[Exercise prompt] Beginning with the line that has "Um convite de" and ending with the line that has "Friandises naturelles fait", retype the entries below exactly, except for the pictures.

[Source information]
+ + + +
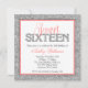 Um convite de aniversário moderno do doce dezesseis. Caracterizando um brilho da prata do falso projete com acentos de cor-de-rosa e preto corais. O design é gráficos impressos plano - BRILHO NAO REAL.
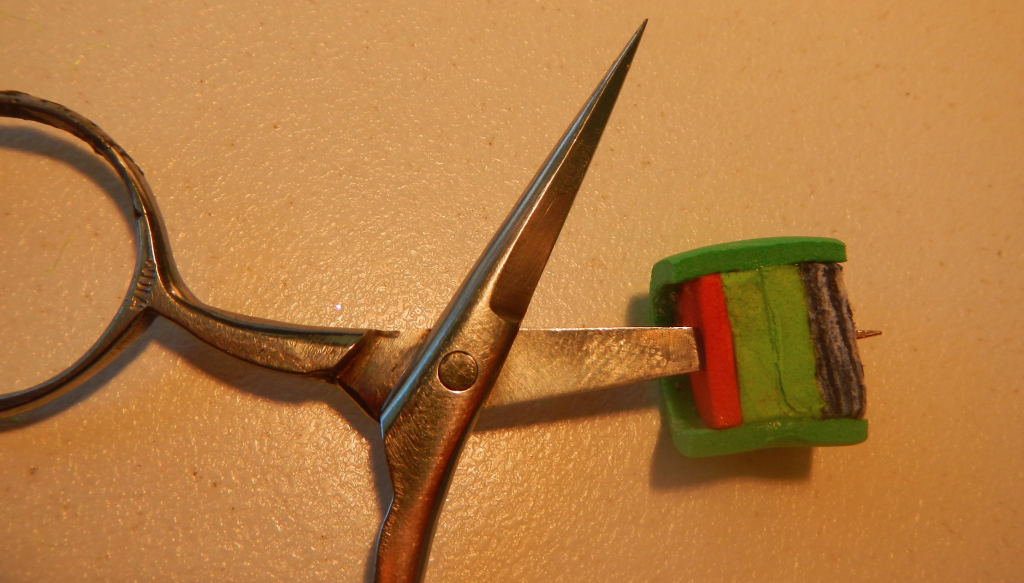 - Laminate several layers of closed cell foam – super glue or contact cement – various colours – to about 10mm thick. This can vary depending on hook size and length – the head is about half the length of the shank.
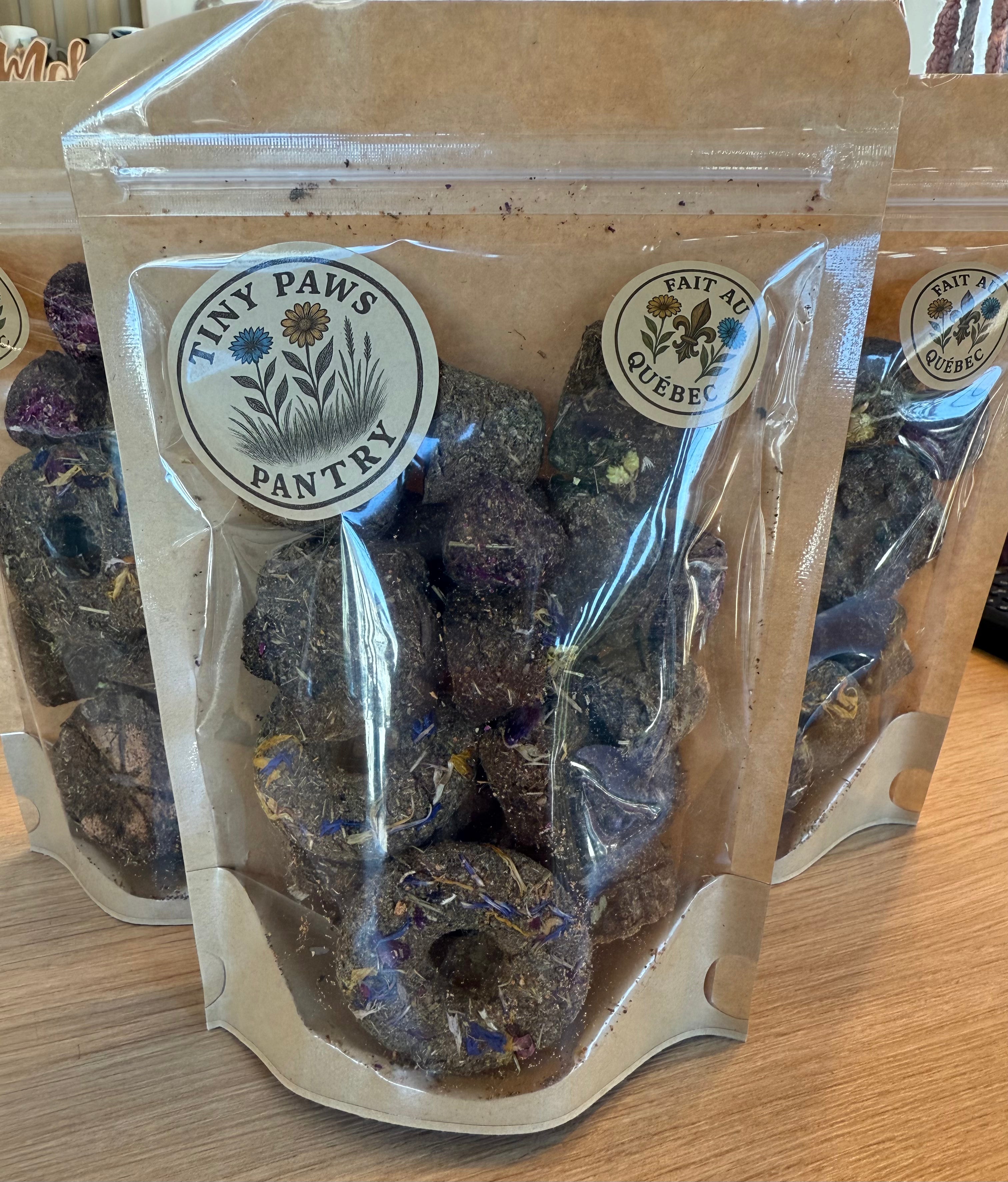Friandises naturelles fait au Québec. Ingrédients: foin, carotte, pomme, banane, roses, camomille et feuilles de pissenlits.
+ + + +
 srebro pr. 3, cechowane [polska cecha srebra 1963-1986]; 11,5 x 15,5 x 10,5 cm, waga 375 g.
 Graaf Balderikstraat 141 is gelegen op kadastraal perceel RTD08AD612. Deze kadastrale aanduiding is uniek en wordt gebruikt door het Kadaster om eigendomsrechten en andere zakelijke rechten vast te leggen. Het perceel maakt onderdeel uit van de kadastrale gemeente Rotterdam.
+ + + +
[Problem solution]
 Um convite de aniversário moderno do doce dezesseis. Caracterizando um brilho da prata do falso projete com acentos de cor-de-rosa e preto corais. O design é gráficos impressos plano - BRILHO NAO REAL.
 - Laminate several layers of closed cell foam – super glue or contact cement – various colours – to about 10mm thick. This can vary depending on hook size and length – the head is about half the length of the shank.
Friandises naturelles fait au Québec. Ingrédients: foin, carotte, pomme, banane, roses, camomille et feuilles de pissenlits.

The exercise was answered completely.